Between June 14, 2022 and August 31, 2024, a total of 19 participants diagnosed with PLE following the Fontan operation were enrolled. Among these, four patients voluntarily withdrew their consents (2 patients withdrew after the 1-month follow-up and other two after completing the 3-month follow-up) due to a lack of symptom improvement or a perceived worsening of symptoms despite taking the medication. Consequently, a total of 15 patients completed the study. Since the primary outcome focused on the changes in serum albumin levels from baseline to 6 months or to the study endpoint, a PP analysis was conducted. The baseline characteristics of the PP population are summarized in Table 1. Of the 15 participants, 8 (53.3%) were male, and 7 (46.7%) were female. The median age was 15 years, with the youngest being 12 years old. The median body weight was 36.9 kg [interquartile range (IQR), 31.7–44.1], and the median time from Fontan operation to PLE diagnosis was 2.4 years (IQR, 1.0–7.2).
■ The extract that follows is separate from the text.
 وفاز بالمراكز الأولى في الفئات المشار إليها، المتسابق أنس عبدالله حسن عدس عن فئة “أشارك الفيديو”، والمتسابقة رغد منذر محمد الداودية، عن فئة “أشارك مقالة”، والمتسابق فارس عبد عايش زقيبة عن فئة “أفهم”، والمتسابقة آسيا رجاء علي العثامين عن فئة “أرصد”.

At baseline, the median serum albumin level was 2.2 g/dL (IQR, 1.8–3.2), and the median stool alpha-1 antitrypsin level was 215.6 mg/dL (IQR, 96.9–412.0).
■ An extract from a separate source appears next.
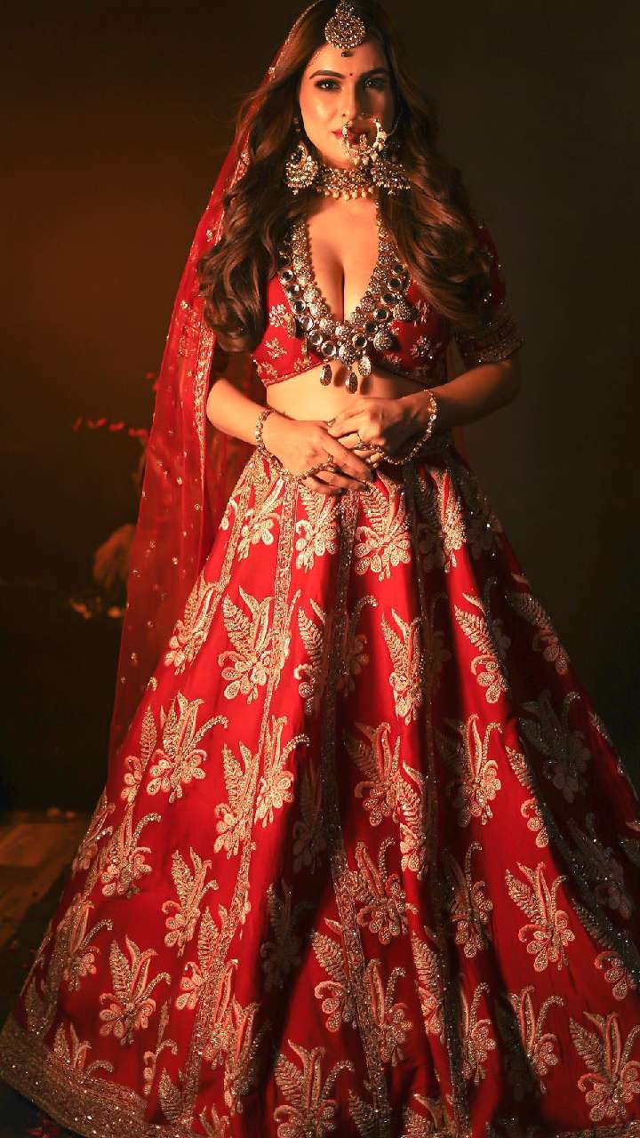 अगर आप अपने लुक को बोल्ड बनाना चाहती हैं तो आप नेहा मलिक की तरह ही वी नेक ब्लाउज डिजाइन को पेयर कर सकती हैं।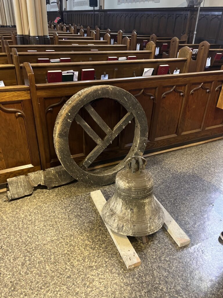 This past week, the bell that hung in the tower since the church was built in 1845 was lowered. The bell from 1806 now rests on the main floor of the church. The current restored bell remains in the tower and rings every day at noon, 6:00pm, and ten minutes before each weekend mass. There will be guided tours of Assumption Church on September 10th, 24th and October 8th, 2025 at 7:00pm.

Table 1 Patients’ baseline characteristics (per-protocol analysis)Primary Outcome

The primary outcome was to assess the improvement in serum albumin levels at 6 months or at the study endpoint compared to baseline. Median serum albumin increased from 2.2 g/dL (IQR, 1.8–3.2) at baseline to 2.5 g/dL (IQR, 2.3–3.5) at 6 months (p = 0.183). Although not statistically significant, this change may indicate a trend toward improvement. At the study endpoint, following treatment discontinuation, a non-significant decrease was observed (2.4 g/dL, IQR, 2.1–3.4; p = 0.345) (Fig. 1A, B).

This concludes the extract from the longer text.